In recent years, microalgae are attracting high interest for their nutritional and therapeutic applications, being important sources of food ingredients and bioactive products with health benefits. Because of this, it is not difficult to imagine a substantial investment by food companies constantly looking for innovative products. This global trend clearly indicates the need for monitoring the quality of microalgal products, which are often promoted as “superfoods” although this term, used as a marketing tool, has no official definition by regulatory authority [1,2].

Among the microalgae, spirulina (Arthrospira platensis (Nordstedt) Gomont, or Spirulina platensis) is a filamentous cyanobacteria recognizable by the main morphological feature of the genus: the arrangement of the multicellular cylindrical trichomes in an open left-hand helix along the entire length [3]. Spirulina is the trade name of Cyanobacteria belonging to the genus Arthrospira, and food and food supplements are made from A. platensis and A. maxima. It is important to clarify that Arthrospira and Spirulina are two different genera, very similar from a morphological point of view but phylogenetically distant from each other [4]. The incorrect use of the trade name spirulina has always been confusing and the cause of frequent misunderstandings, even in the scientific field; nevertheless, this name is still commonly used.

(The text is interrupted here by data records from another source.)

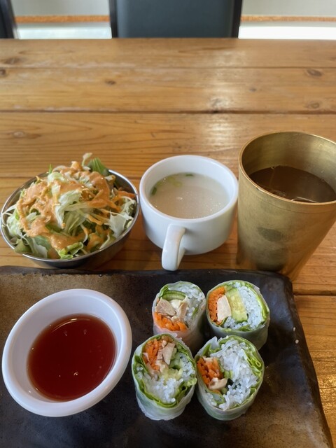直ぐにサラダ、スープ、ドリンク、生春巻き提供された。
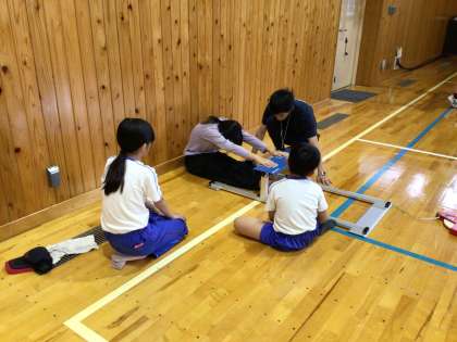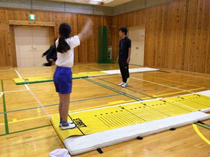 5、6年生の体育では、立ち幅跳びと長座体前屈をしました。
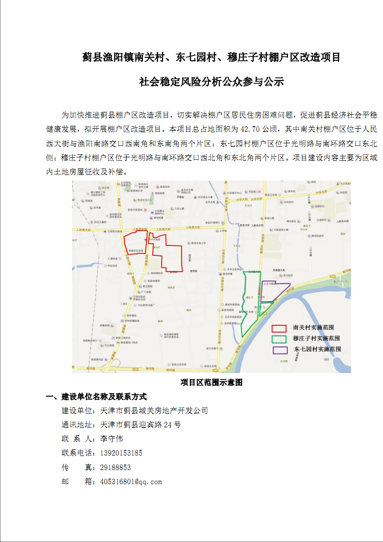 薊縣漁陽(yáng)鎮南關(guān)村、東七園村、穆莊子村棚戶(hù)區改造項目社會(huì )穩定風(fēng)險分析
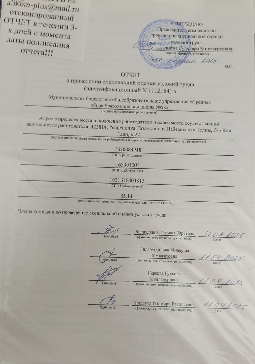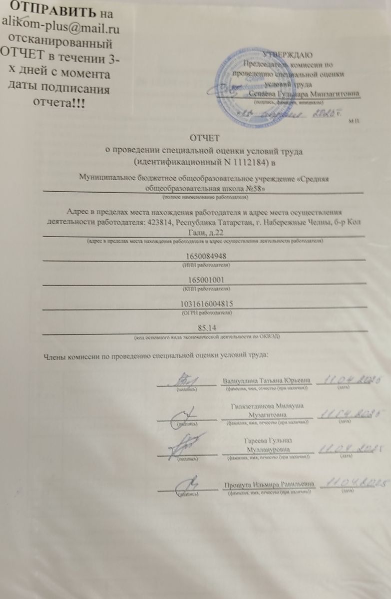 - Отчет о проведении специальной оценки условий труда от 11.04.2025
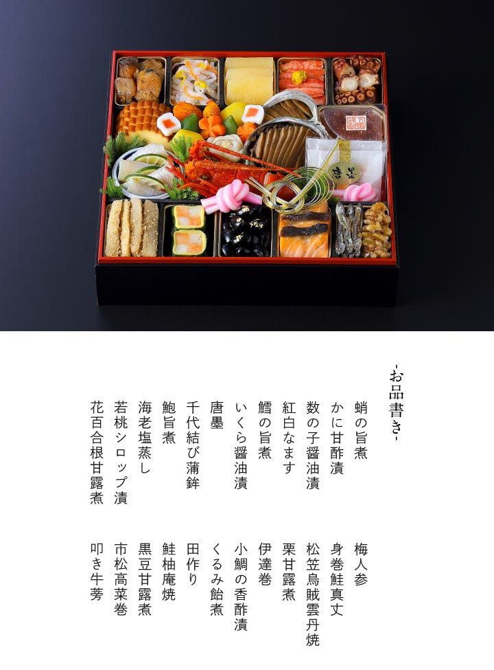 蛸の旨煮、かに甘酢漬、数の子醤油漬、紅白なます、鱈の旨煮、いくら醤油漬、唐墨、千代結び蒲鉾、鮑旨煮、海老塩蒸し、若桃シロップ漬、花百合根甘露煮、梅人参、身巻鮭真丈、松笠烏賊雲丹焼、栗甘露煮、伊達巻、小鯛の香酢漬、くるみ飴煮、田作り、鮭柚庵焼、黒豆甘露煮、市松高菜巻、叩き牛蒡
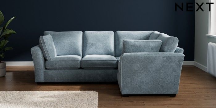 7.2.10 Buy Heath Highback Medium Corner Sofa - Right Hand Plush Chenille Light Blue Block - Dark from the Seasons online shop Click here to use our website with more accessibility support, for example screen readers
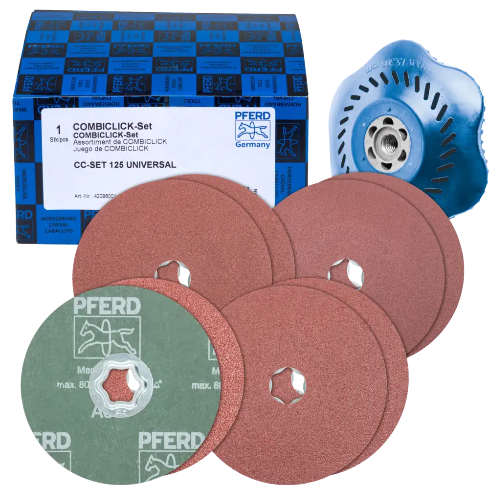 - Erweiterte Produktinformationen COMBICLICK-Fiberscheiben-Set Korund 125mm mit CC-H-GT-Stützteller für universelle Anwendungen von PFERD TOOLSDas COMBICLICK-… Mehr
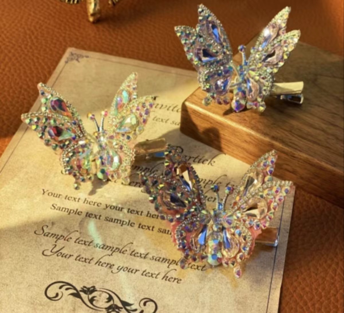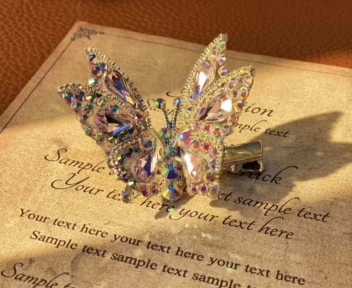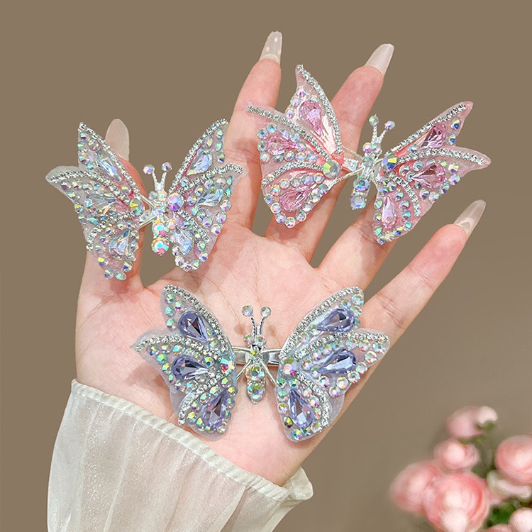 2024新作能动プリンセス蝶ヘアクリップファンタジーカラークリスタル女の子ヘア女の子

Many of the studies on spirulina attempted to estimate its growth yield and photosynthetic efficiency, also in relation to its morphology. In fact, although the helical shape of the trichome is considered a stable and constant property maintained in culture, there may be considerable variation in the degree of helicity between different strains of spirulina and within the same strain. It has been observed that the ultrastructure may change from the typical helical shape to straight strain; the trigger and mechanism for this morphology switch is still unknown, but it was also proposed that the cell morphology was affected by environmental conditions such as nutrient availability, light, temperature, and salinity [3,5,6].

The interest in spirulina is linked to its very high nutritional value, so much that for the World Health Organization, spirulina is one of the greatest foods on earth [7]. The nutritional value is mainly due to its protein content (about 60%); spirulina also contains vitamins, minerals (iron, calcium, magnesium, zinc, manganese, phosphorus, and potassium), essential fatty acids (e.g., γ-linolenic acid, palmitic acid, linoleic acid, oleic acid), polysaccharides, glycolipids and sulfolipids, and enzymes (e.g., superoxide dismutase) [8,9].

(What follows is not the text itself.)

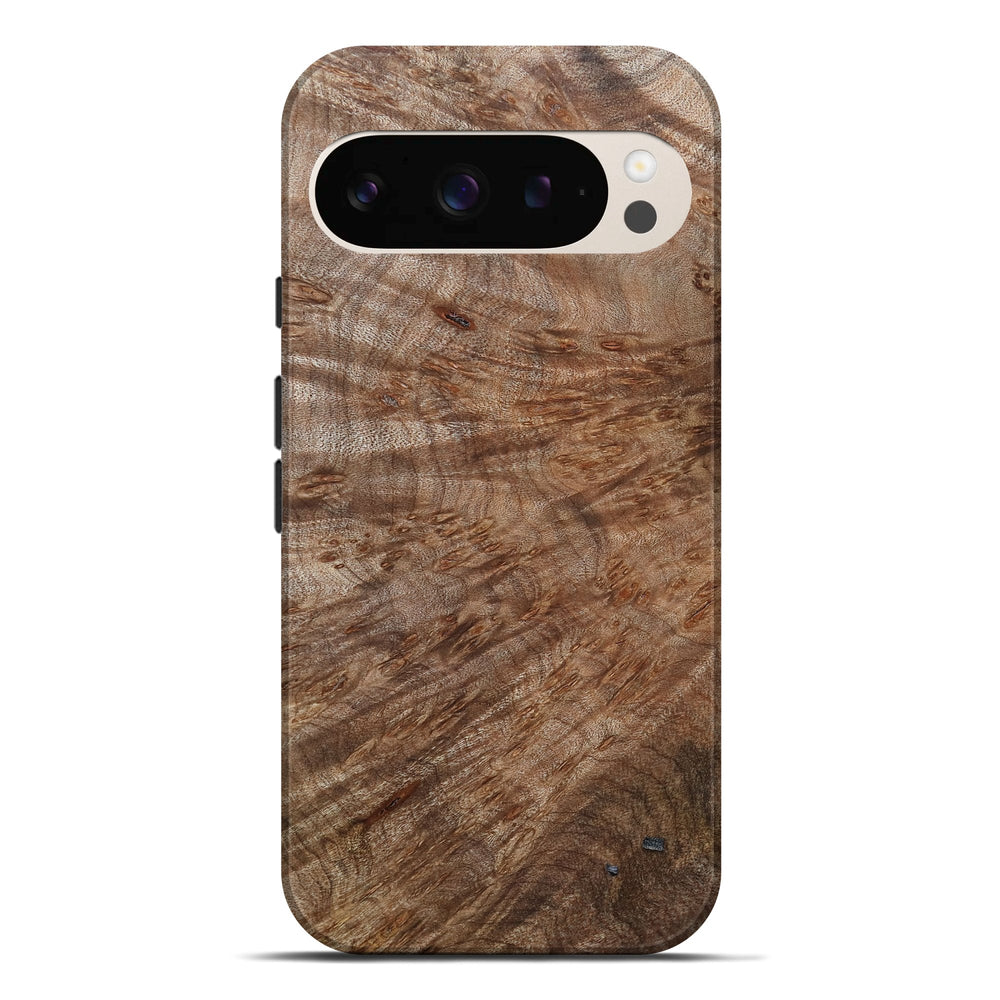 Our Live Edge cases are made from an amazing combination of stabilized wood burl and colored resin. Our stabilization process hardens the wood to protect against cracks and breaks. We do every step of the process at our shop in Northern Indiana. Perfectly fits the Pixel 9 Pro XL.
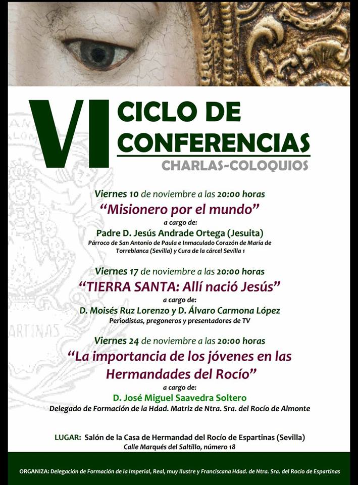 La Hermandad de Espartinas organiza un Ciclo de Conferencias  los días 10,17 y 24 de noviembre de 2017

Recently, spirulina has been widely studied for its numerous health benefits, which include antibacterial, antiviral, antioxidant, and anti-inflammatory properties [8,9,10,11,12,13,14]. Furthermore, many studies have evidenced the neuroprotective properties of spirulina in multiple models of CNS diseases, such as Parkinson’s disease, schizophrenia, ischemic brain damage and in lipopolysaccharide-induced neuroinflammation [15,16,17,18,19].

Most of the health benefits of spirulina are linked to the content of various bioactive pigments, including carotenoids, chlorophylls, pheophytins and phycobiliproteins [20,21,22].

Carotenoids play a variety of important functions and have been considered compounds able to fight the free radicals, reduce the risk of cancer, and prevent cardiovascular and neurodegenerative diseases, among others. The multiple health benefits of carotenoids are supposed to be due to their antioxidant and anti-inflammatory functions, considering that carotenoids can sequestrate free radicals released in the human body under stress conditions as well as reduce inflammatory mediators [23].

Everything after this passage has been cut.